Denny,
There is always value in trying something new and if it works better stick with it.
If, for example, 5.2 makes a difference in a brewer’s beer, my advice would be to test the water and adjust the water chemistry. This should allow the brewer to brew beers w/o using 5.2 in the future.
Here is an example from my brewing experience: After reading abut German lager brewing and the fact that their primary fermentation is done after about 7-8 days at 46 F I grew very disappointed with my lager fermentation times of 2 weeks or more. And those were even at 50 F. I kept looking around trying to answer the question why are they getting so much better performance that I do. First I thought it was the tall fermenters and their stronger circulation. But then I saw that even at home brew scale experiments in Weihenstephan they were able to ferment lagers below 50 F in about a week. So it couldn’t be the tall conicals. When Geronimo then posted about air raised yeast on the NB forum and how much better they ferment I gave it a try and it worked. With the same pitching rate and fermenting at 48F they are able to primary ferment a 12 Plato lager in less than 10 days. Up to this point I thought it had excellent yeast health since I was raising my yeast on the stir plate and used it fresh. I didn’t know that yeast can be even healthier than that.

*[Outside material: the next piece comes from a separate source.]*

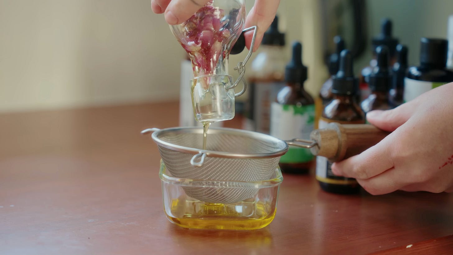 Once the rosebuds have finished infusing in the jojoba oil, the next step is turning it into a simple face oil. I like keeping my skincare uncomplicated, especially in winter when we tend to feel less energetic.

At this point I still have to verify if that actually improved the quality of the beer. But healthier yeast is able to get closer to the attenuation limit which I found to be important and oftentimes difficult for lagers.
Given that I’m biased towards not adding nutrients to the wort I’d see this as a sign that the yeast is in need of something. Oxygen tends to be one of the big unknowns but you said that you use the mix stir and my tests of that technique showed that you can get to 7-8 ppm within 2 min of stirring. But you also like to brew higher gravity beers which need more O2 and the mix stir’s limit is ~8 ppm. Borrowing a pure O2 system and trying it might be an option.
But it may also be the added zinc that helps like you said earlier. But if that is truly the case then the statement that brewer’s wort contains adequate amounts of zinc is to be questioned.
I think I’ll eventually give a yeast nutrition addition a try in a side-by-side experiment. Just to see what the difference would be.